In 1870 he left the Free Church of Scotland and returned to Ireland as minister of Fisherwick Church in Belfast, as a minister of the Presbyterian Church in Ireland. This was initially as assistant to Rev Dr James Morgan, but from 1873 he became minister in charge.

In 1896 he succeeded Rev George Raphael Buick as Moderator of the General Assembly.

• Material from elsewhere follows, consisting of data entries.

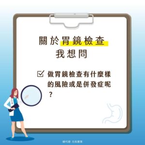 併發症的部分,吸入性肺炎是我們最需要顧忌的,或是做到一半氧氣不夠、呼吸窘迫等等。做胃鏡前一定要空腹,若做的過程中有食物溢出來很容易造成病患嗆到造成危險。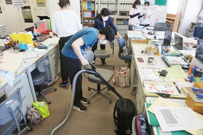 29日(金)は、6月1日(月)からの再開に向けて、職員室の掃除も行われました。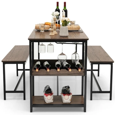 - Versatile Use: The table and 2 benches for 4 persons can not only be used as a kitchen dining room table set, but also can be a perfect choice for your working, reading, studying, gaming, drinking beers, enjoying leisure time with friends, or enjoying breakfast. It is suitable for the office, home, terrace, bistro, coffee shop, restaurant, and more.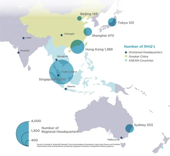 The map above shows where most number of MNCs have put up their regional headquarters.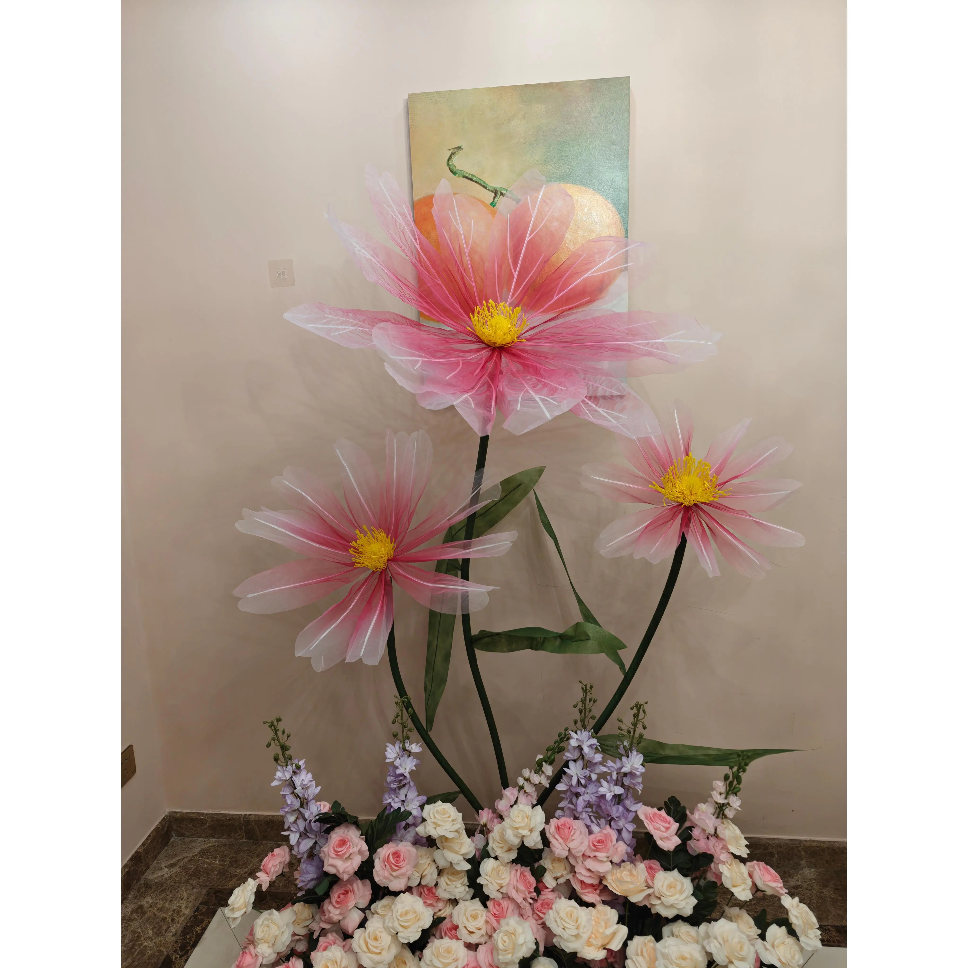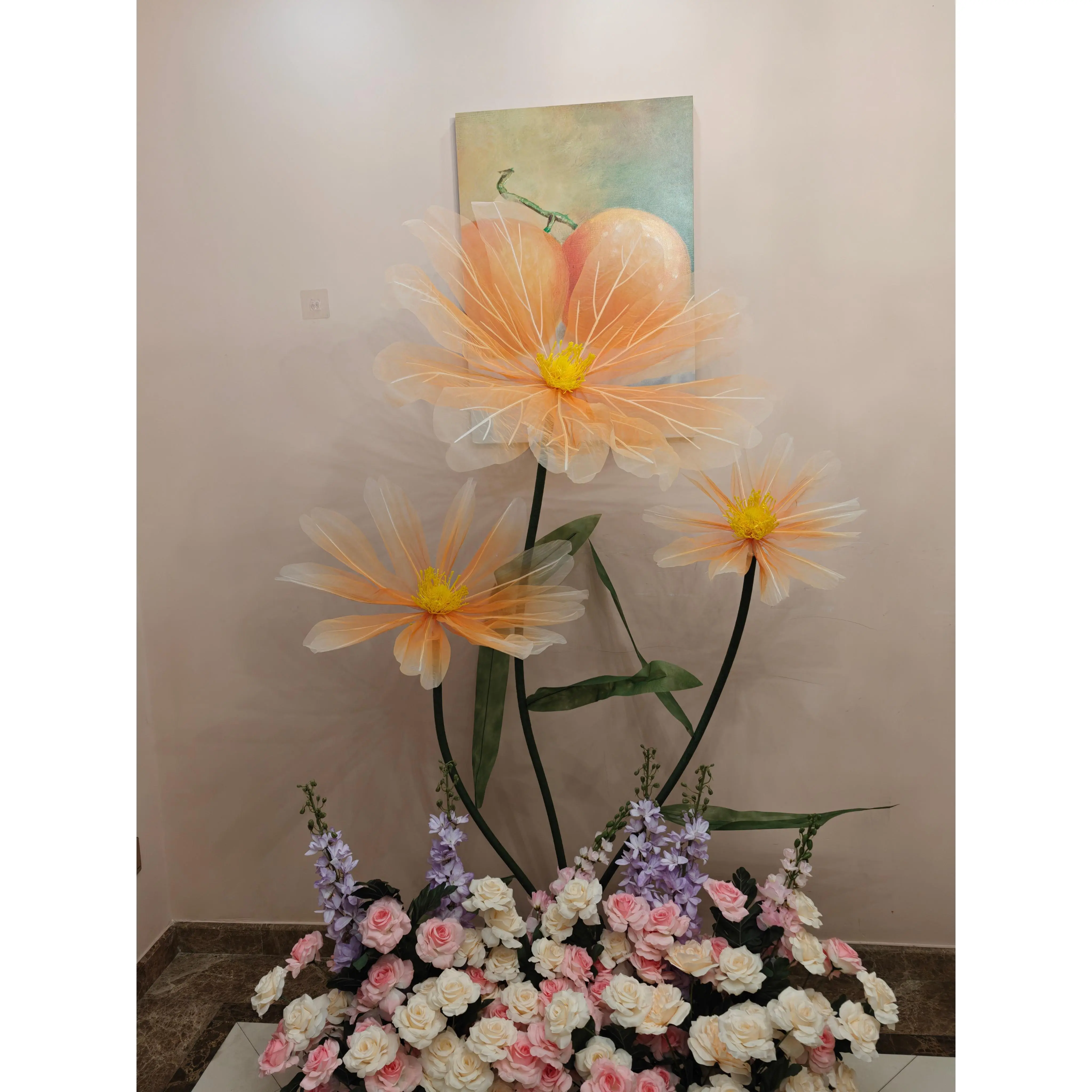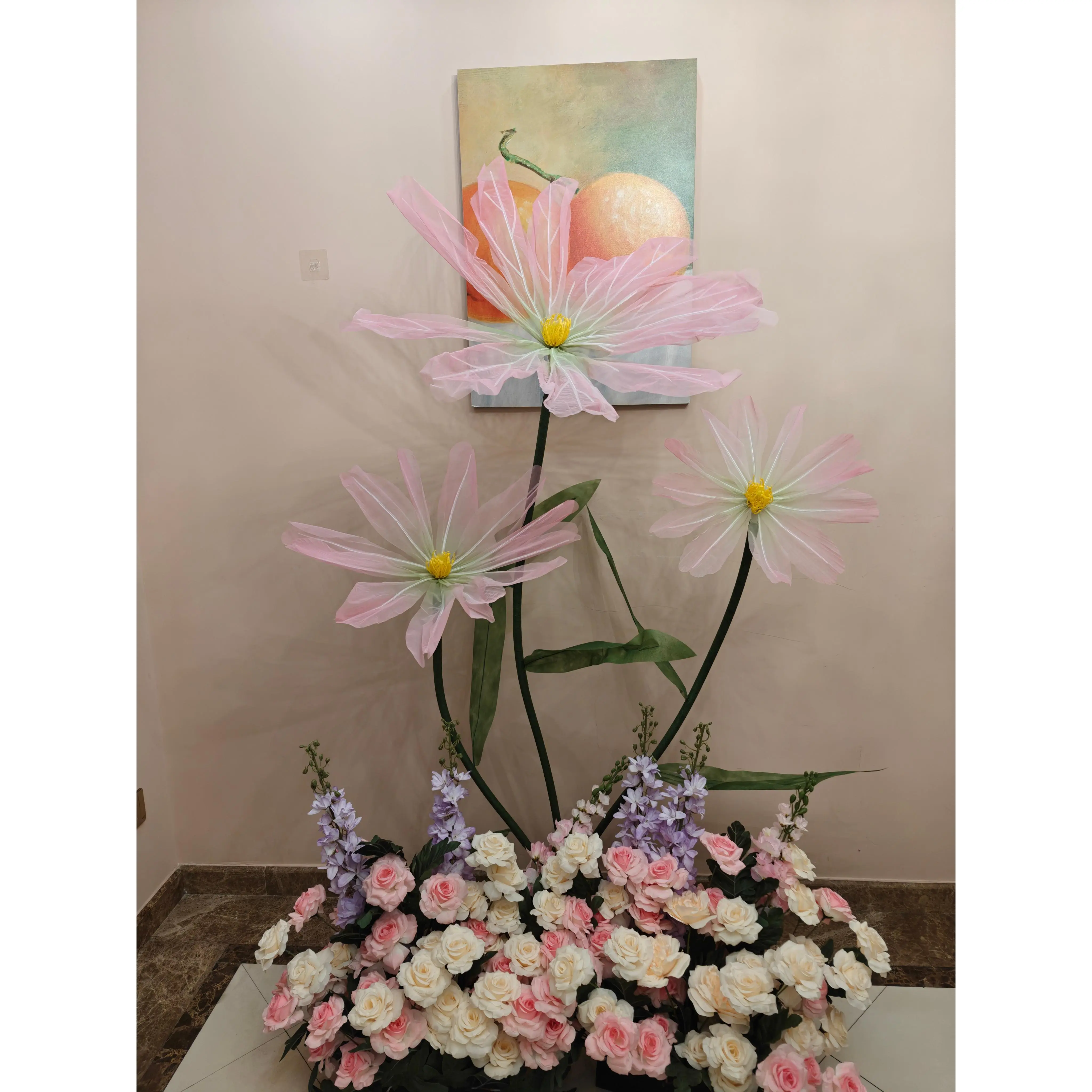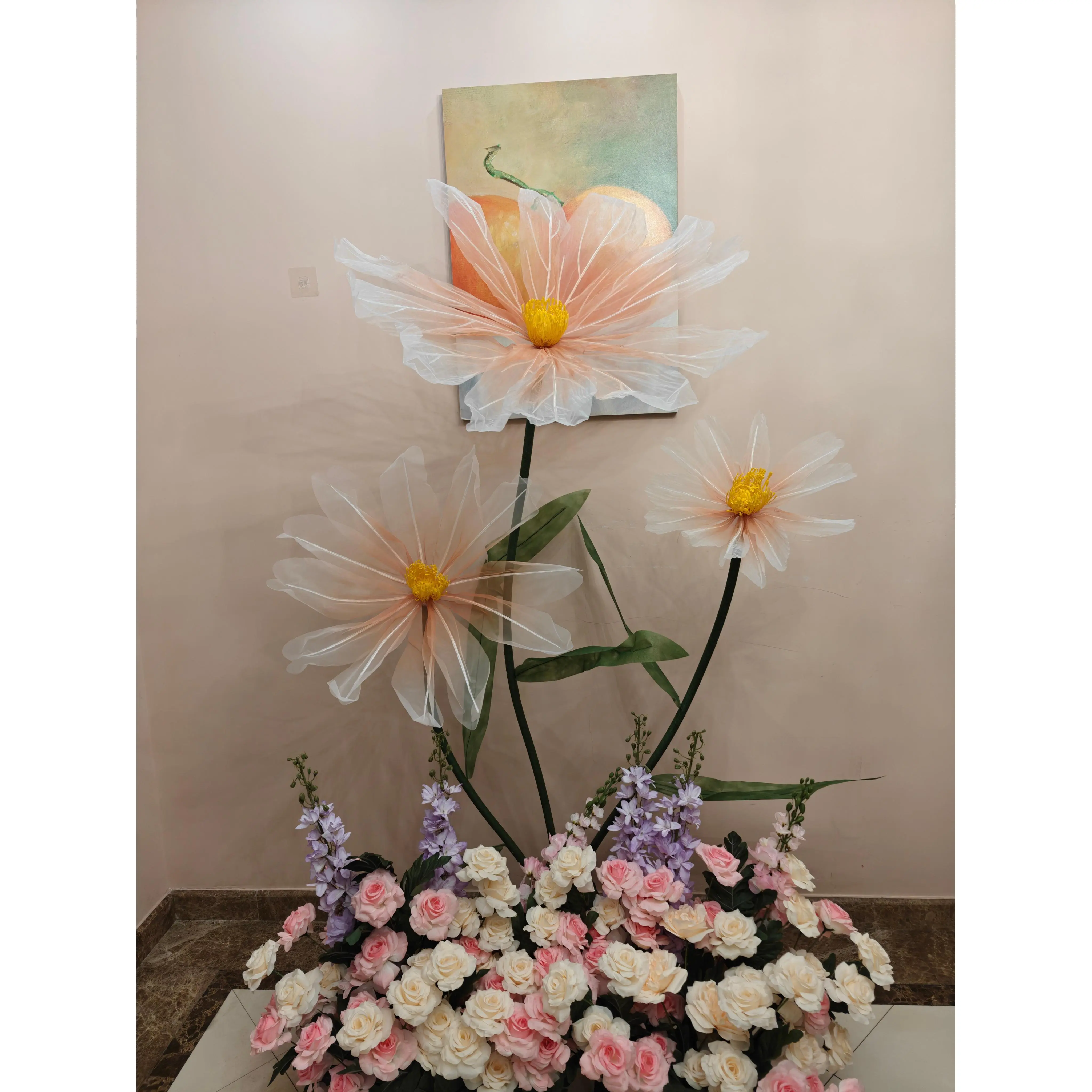Product Name: Artificial silk flower Material: High Quality Mesh Flower/Iron Base Flower Head:40/60/80cm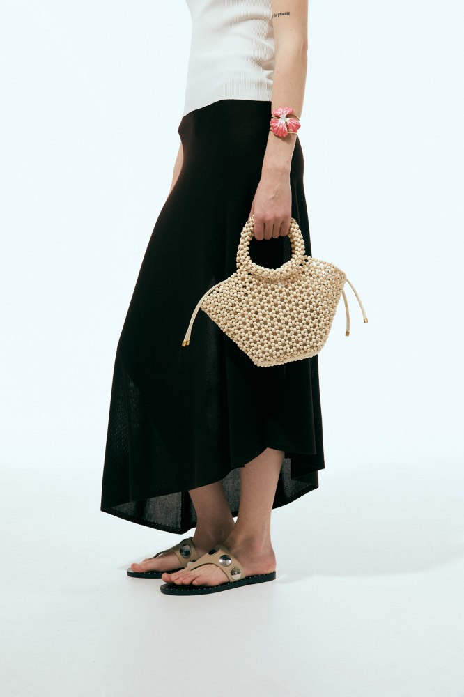 Beaded basket-style handbag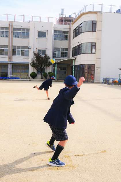運動場で子どもたちは、教室にあるボールやドッジビー、運動場にある一輪車や竹馬を使ってよく遊んでいます。

He died on 29 December 1898.

A stained glass window in Fisherwick Church is dedicated to his memory.

==Family==
The name of his first wife is not known but he is listed as a "widower" in the 1851 census.

In 1855 he married the 18-year-old Catherine Charlotte Robertson (1837-1864). They had four sons and one daughter, one son dying in infancy. Their son James Robert David Williamson (1856-1891) also became a Free Church minister. His namesake son, Henry McIlree Williamon (1858-1948) died in Edinburgh.

In 1866 he married the 22-year-old Jessie Maria Gibson (b.1842 in Nova Scotia.

His daughter Barbara Williamson married William Henderson Calvert and were parents to the poet Raymond Calvert.

His son Charles Frederick Williamson (1868-1915) married a nurse, Edith Nugent, and they moved to India. They had seven further children: three sons and for daughters.